The national seismic watchdog Geonet reported a powerful 6.0 magnitude earthquake on Wednesday near Geraldine in the South Island’s center, but preliminary reports show no casualties or serious property damage. The National Emergency Management Agency of New Zealand, however, said there was no threat of a tsunami from the earthquake.

The quake, which was the biggest in the nation this year, struck on Wednesday at 9.14 AM (2114 GMT) with a focal depth of 11 kilometers (7 miles). More than 14,000 individuals, some as far north as Auckland in the North Island, according to GeoNet, reported feeling the tremble.

Farmer Sarah Hussey, who was around the epicentre, told Reuters that the earthquake had been more powerful than she had ever experienced before. “There’s no damage here, but to start with, I assumed it was thunder. She told TVNZ’s 1News that the home briefly rose.

There haven’t been any early indications of damage, but inspections are still being conducted, according to Scott Shannon, deputy mayor of Timaru, which was close to the epicenter of the earthquake.

The quake occurred close to the epicenter of the Christchurch, New Zealand, 6.3 magnitude earthquake that killed 185 people and left significant damage in 2011.

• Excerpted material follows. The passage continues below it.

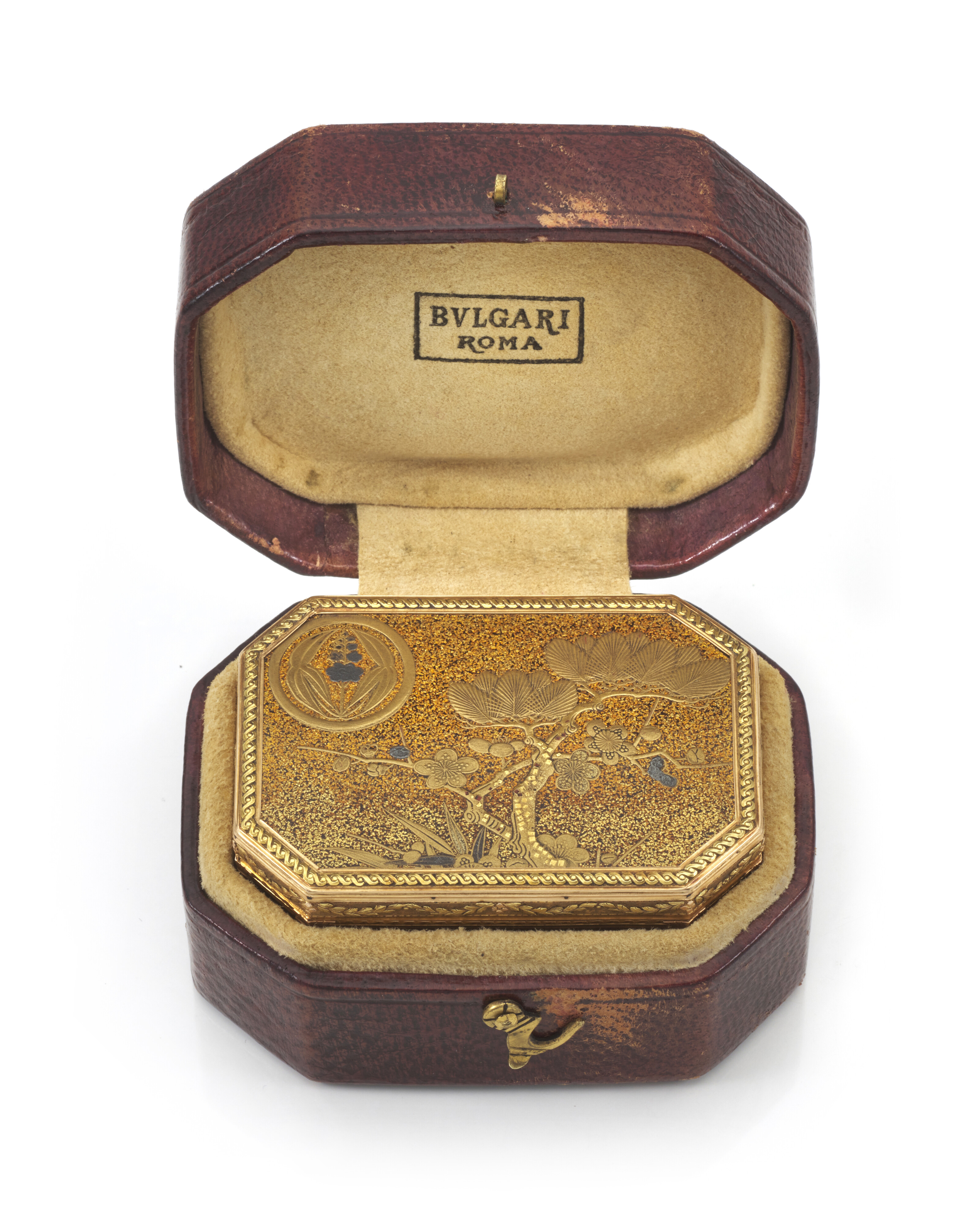 Barthélémy Pilleux, Parigi, 1779. Snuff box "à cage" in oro a tre colori e lacca giapponese.
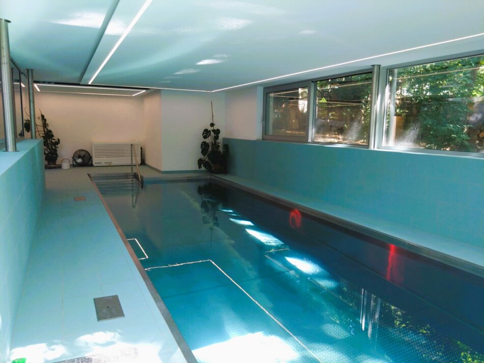 Das Haus bietet als Besonderheit einen herrlichen Wellnessbereich mit Sauna und Pool und direktem Ausgang in den Garten.

More than 14,000 individuals, some as far north as Auckland in the North Island, according to GeoNet, reported feeling the tremble.

About 40 kilometers (25 miles) from the epicenter, Rebecca Chapman, a worker at Cafe Verde in Geraldine, told AFP that “Nothing shattered, but the lights were trembling. It was a little frightful. Due to their experience with the Christchurch earthquake, one of the clients was upset.

Due to its location on the Pacific Ring of Fire, a region where tectonic plates often meet, New Zealand frequently suffers seismic and volcanic activity. Notably, New Zealand, which has a population of 5 million, is frequently sarcastically referred to as the Shaky Isles because of the frequency of its earthquakes.